_Directions for this task_. Leave the pictures aside and copy all the data exactly.

_Given information_.

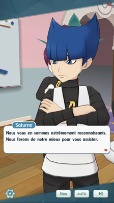 Dans la forêt, Saturne s'est allié à Aurore pour peaufiner les recherches. Alors que l'admin de la Team Galaxie tente un coup de bluff, il se fait surprendre par la bonté d'Aurore qui détecte immédiatement qu'il souhaite seulement la défier. Ce dernier comptait prendre sa revanche comme ses frères d'armes, mais ce n'est pas le moment et ils remettent donc ce défi à plus tard. Aurore ne lui en veut pas d'avoir mal choisi le moment pour préparer un combat, cela montre qu'il peut penser aussi à ses propres envies plutôt que de se plier systématiquement à la volonté de Hélio ou de le faire passer avant ses besoin personnels. Elle considère que c'est grâce à cette petite part d'égoïsme que Saturne a une chance de convaincre son chef qu'il a tort.
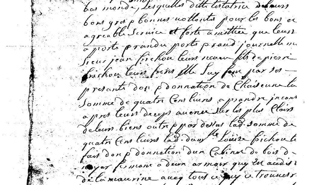 Pierre Frichou de la Morine avait en effet deux sœurs, décédées sans descendance, qui habitaient elles aussi la Morine (on trouve les deux orthographes, la Morine et la Maurine : c’est sous cette dernière orthographe que ce lieu-dit de la Genétouze existe aujourd’hui). Ce testament ne dit pas qu’elles déshéritent qui que ce soit, qui plus est à cause d’une abjuration… mais il ne cite que Jean (resté protestant) et indique que « pour les bons et agréables services et forte amitié que leur a porté et rendu, porte et rend journellement sieur Jean Frichou leur neveu, fils de Pierre Frichou leur frère, elles lui font par ces présentes don et donation de chacune la somme de quatre cents livres […] plus un cabinet de bois de noyer fermant à deux armoires qui est à ce dit lieu de la maurine avec tout ce qui se trouvera dans y celui ».
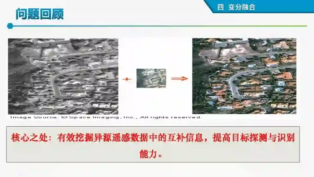 在像素级层次,图像融合可以缓解空间分辨率、时间分辨率、光谱分辨率之间的固有矛盾,获得更优的时-空-谱分辨率,获取更高质量数据;在特征和决策层面融合,可以获得更精细特征、更完备高层识别信息和知识。
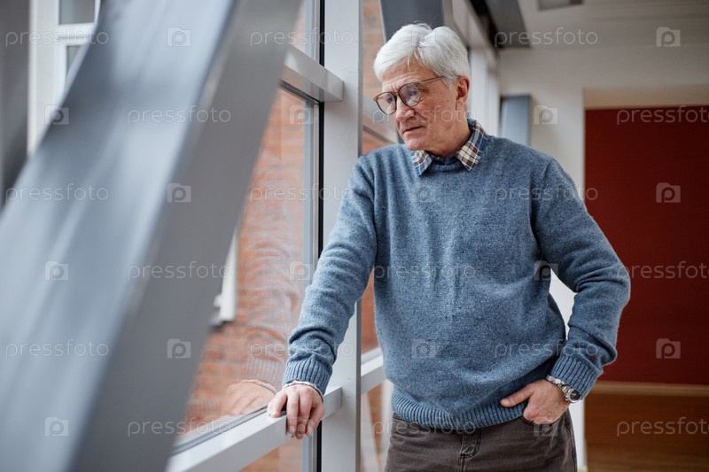 Старший профессор, стоящий в стеклянном коридоре
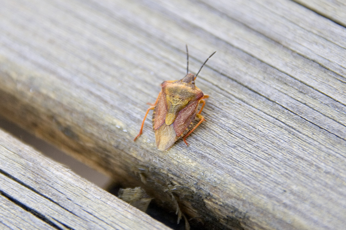 En liten färggrann bärfis på en träplanka. På detta foto kan associeras till: bärfis, insekt, färggrann, träplanka.
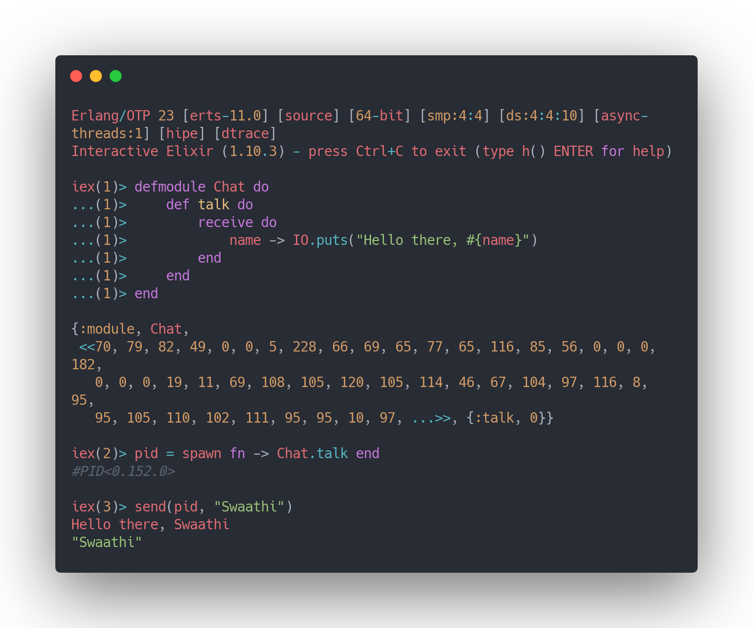 Erlang threads also have a PID attached to them. Using this PID, you can extract information about the memory it occupies, functions it’s running and much more. Using the PID, you can also send messages to processes and communicate.
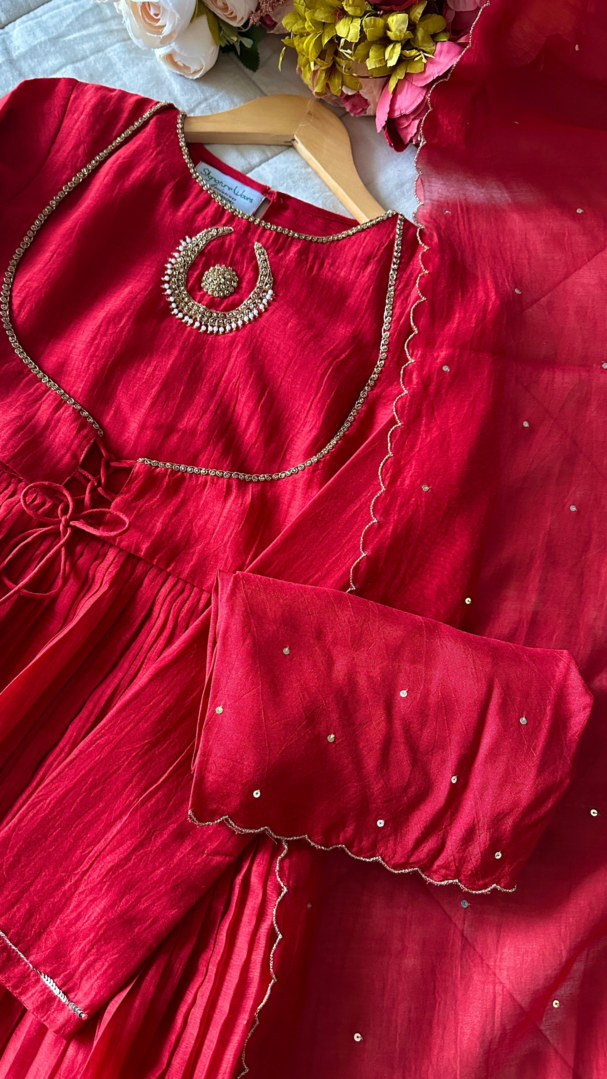 Loved the deep red colour from and the beautiful jacket type pattern, the combination of red and antique gold colour hand work is a great addition to the collection of vintage party wear. Like most of our attires this one also is not season specific. This set is done in mul Chanderi, it’s fully lined and dupatta has been embellished with sequins spreadings and hand work scallop borders, while the pants having the same detailing of sequins and scallop edges.
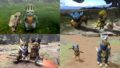 ゲーム内ではデカくて重そうな武器を振り回しているハンターたち。
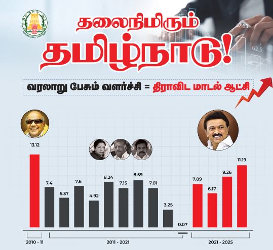 இதற்கு முன்பு, இரட்டை இலக்க வளர்ச்சி எட்டப்பட்டது 2010-11-ஆம் ஆண்டில். அப்போது கலைஞர் ஆட்சி! இப்போது கலைஞர் வழி நடக்கும் திராவிட மாடல் ஆட்சி! இரண்டுமே கழக ஆட்சி! 2030-ஆம் ஆண்டுக்குள் #OneTrillionDollar பொருளாதாரம் என்றபோது பலரது புருவமும் உயர்ந்தது. “இது மிக உயர்ந்த இலக்கு, எப்படி சாத்தியமாகும்?” என்றார்கள்! இதே வேகத்தில் சென்றால், எதுவும் சாத்தியம் என்பது இப்போது மெய்ப்பிக்கப்பட்டுவிட்டது!.

_The answer_.
 Dans la forêt, Saturne s'est allié à Aurore pour peaufiner les recherches. Alors que l'admin de la Team Galaxie tente un coup de bluff, il se fait surprendre par la bonté d'Aurore qui détecte immédiatement qu'il souhaite seulement la défier. Ce dernier comptait prendre sa revanche comme ses frères d'armes, mais ce n'est pas le moment et ils remettent donc ce défi à plus tard. Aurore ne lui en veut pas d'avoir mal choisi le moment pour préparer un combat, cela montre qu'il peut penser aussi à ses propres envies plutôt que de se plier systématiquement à la volonté de Hélio ou de le faire passer avant ses besoin personnels. Elle considère que c'est grâce à cette petite part d'égoïsme que Saturne a une chance de convaincre son chef qu'il a tort.
 Pierre Frichou de la Morine avait en effet deux sœurs, décédées sans descendance, qui habitaient elles aussi la Morine (on trouve les deux orthographes, la Morine et la Maurine : c’est sous cette dernière orthographe que ce lieu-dit de la Genétouze existe aujourd’hui). Ce testament ne dit pas qu’elles déshéritent qui que ce soit, qui plus est à cause d’une abjuration… mais il ne cite que Jean (resté protestant) et indique que « pour les bons et agréables services et forte amitié que leur a porté et rendu, porte et rend journellement sieur Jean Frichou leur neveu, fils de Pierre Frichou leur frère, elles lui font par ces présentes don et donation de chacune la somme de quatre cents livres […] plus un cabinet de bois de noyer fermant à deux armoires qui est à ce dit lieu de la maurine avec tout ce qui se trouvera dans y celui ».
 在像素级层次,图像融合可以缓解空间分辨率、时间分辨率、光谱分辨率之间的固有矛盾,获得更优的时-空-谱分辨率,获取更高质量数据;在特征和决策层面融合,可以获得更精细特征、更完备高层识别信息和知识。
 Старший профессор, стоящий в стеклянном коридоре
 En liten färggrann bärfis på en träplanka. På detta foto kan associeras till: bärfis, insekt, färggrann, träplanka.
 Erlang threads also have a PID attached to them. Using this PID, you can extract information about the memory it occupies, functions it’s running and much more. Using the PID, you can also send messages to processes and communicate.
 Loved the deep red colour from and the beautiful jacket type pattern, the combination of red and antique gold colour hand work is a great addition to the collection of vintage party wear. Like most of our attires this one also is not season specific. This set is done in mul Chanderi, it’s fully lined and dupatta has been embellished with sequins spreadings and hand work scallop borders, while the pants having the same detailing of sequins and scallop edges.
 ゲーム内ではデカくて重そうな武器を振り回しているハンターたち。
 இதற்கு முன்பு, இரட்டை இலக்க வளர்ச்சி எட்டப்பட்டது 2010-11-ஆம் ஆண்டில். அப்போது கலைஞர் ஆட்சி! இப்போது கலைஞர் வழி நடக்கும் திராவிட மாடல் ஆட்சி! இரண்டுமே கழக ஆட்சி! 2030-ஆம் ஆண்டுக்குள் #OneTrillionDollar பொருளாதாரம் என்றபோது பலரது புருவமும் உயர்ந்தது. “இது மிக உயர்ந்த இலக்கு, எப்படி சாத்தியமாகும்?” என்றார்கள்! இதே வேகத்தில் சென்றால், எதுவும் சாத்தியம் என்பது இப்போது மெய்ப்பிக்கப்பட்டுவிட்டது!.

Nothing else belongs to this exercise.